26 Consider your own call, brothers and sisters: not many of you were wise by human standards,not many were powerful, not many were of noble birth. 27 But God chose what is foolish in the world to shame the wise; God chose what is weak in the world to shame the strong; 28 God chose what is low and despised in the world, things that are not, to reduce to nothing things that are, 29 so that no one might boast in the presence of God. 30 He is the source of your life in Christ Jesus, who became for us wisdom from God, and righteousness and sanctification and redemption, 31 in order that, as it is written, “Let the one who boasts, boast in the Lord.”

The complex systems of philosophy that religion constructs in its pursuit of a comprehensive worldview have often wandered into the fabulous and bazaar. Mythical beings, metaphysical dimensions, and elaborate theories of immortality of the transmigration of the soul can strain the limits of logic and common sense.

But then again, that shouldn’t surprise us. The primary language of religion is more imaginative than intellectual. There is nothing inherently wrong with such musings, and the exquisite world pictures described in the religions are successful for many in getting them connected to a universe of higher meaning.

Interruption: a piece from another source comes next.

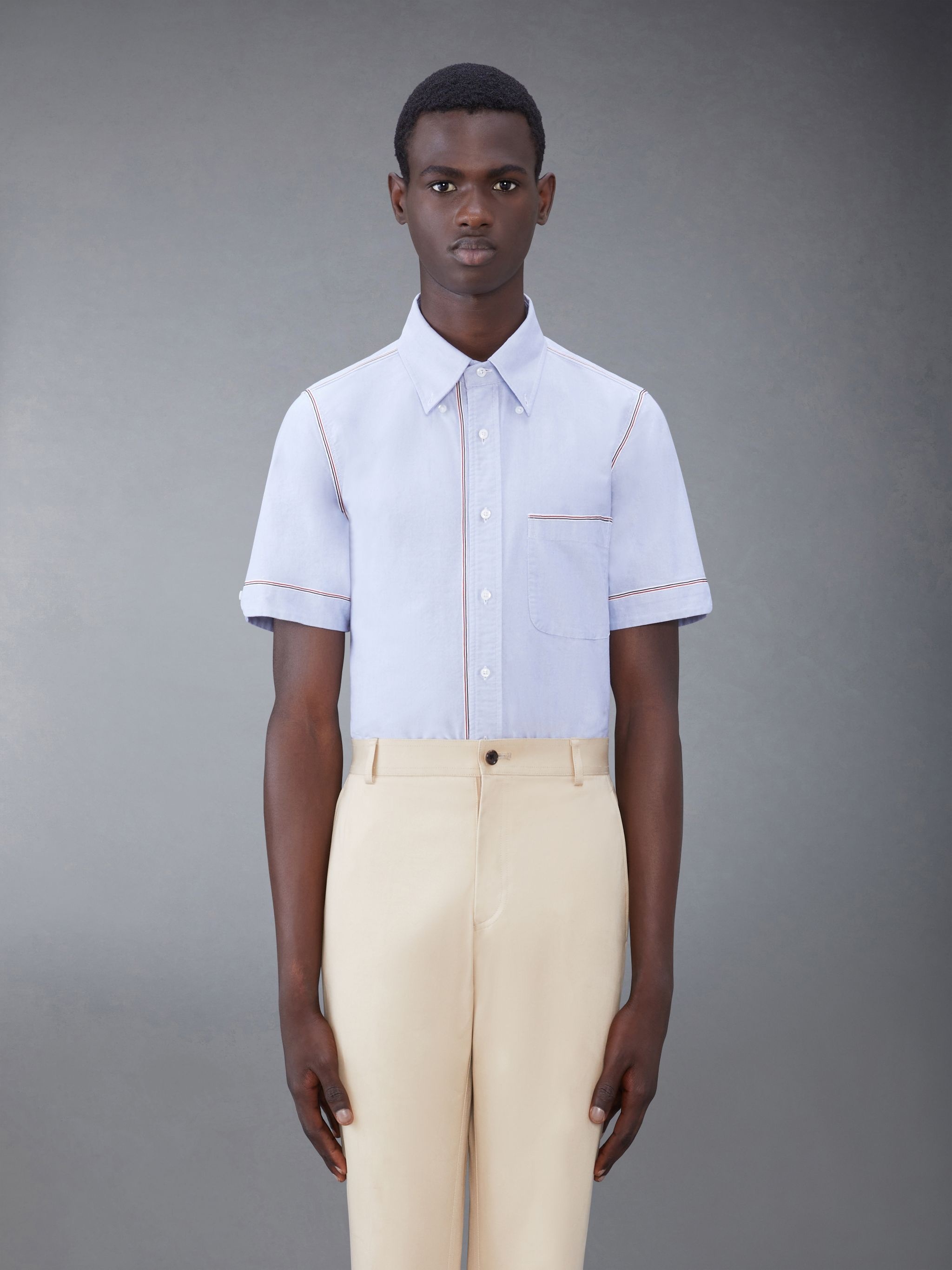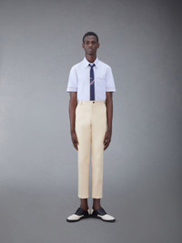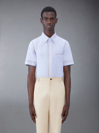 DETAILS & FIT Impeccable craftsmanship, fine cotton fabric, and distinctive Thom Browne emblems make this limited-edition shirt essential to your spring wardrobe. Front button closure Patch chest pocket Name tag applique Seamed back yoke with locker loop Signature striped grosgrain loop tab Model is 6' 1" (185cm), wearing size 1 100% Cotton Made in Italy MWS316A-F0313-480

What Paul observed, however, is the way that all this “wisdom” can so fascinate and occupy us that we float off the earth and away from the real situations of life. So what if there are seven realms of angels surrounding the throne of God, or infinite Buddha-fields in the dimensionless expanse of nirvana – how does that help me “work out my salvation” (a phrase of Paul’s) in the face of today’s challenges.

Yes, it is helpful to know that I’m not alone in this sometimes crazy world, and that a greater wisdom is available to me if only I can transfer the focus of my awareness to a point beyond the urgencies of this moment. But how do I find my way back? And how can all of this help me become more authentic, more present to my life?

The “way back” for Paul was represented in the cross of Christ, the image of Jesus dying for the sake of his gospel.


Now, lest we think that Paul had a morbid obsession with torture and death, we must proceed into his theory of the cross with patience and care. To start with, it is imperative to know that, for Paul, the cross of Christ did not stand in utter isolation as the vertical axis around which world salvation turned.

He understood it, as it must be understood, in the light of Jesus’ message and life. Without that context the cross can easily take on an almost magical power, or else get appropriated into a theory that completely contradicts the spirit and teaching of Jesus’ gospel.

The cross as a talisman for warding off evil is a popular superstition still today, and atonement theories that interpret the crucifixion as serving to placate God’s anger and pay sin’s penalty are also prevalent among the mainline traditions of Christian orthodoxy. In each case, the way to understanding the cross of Christ as “the power and wisdom of God” is abandoned for something far less demanding.

The great revelation that came through Jesus had to do with the superiority of love in its aspect of compassion. Compassion is not love from a distance, or love in the abstract, or love on principle. It is love that “suffers with” another under the conditions of pain, brokenness, or bereavement. Jesus revealed the heart of God to be compassion, which to him meant that God is fully present with us in our struggle.

The “power and wisdom” of God’s compassion hang on the cross in the midst of our world.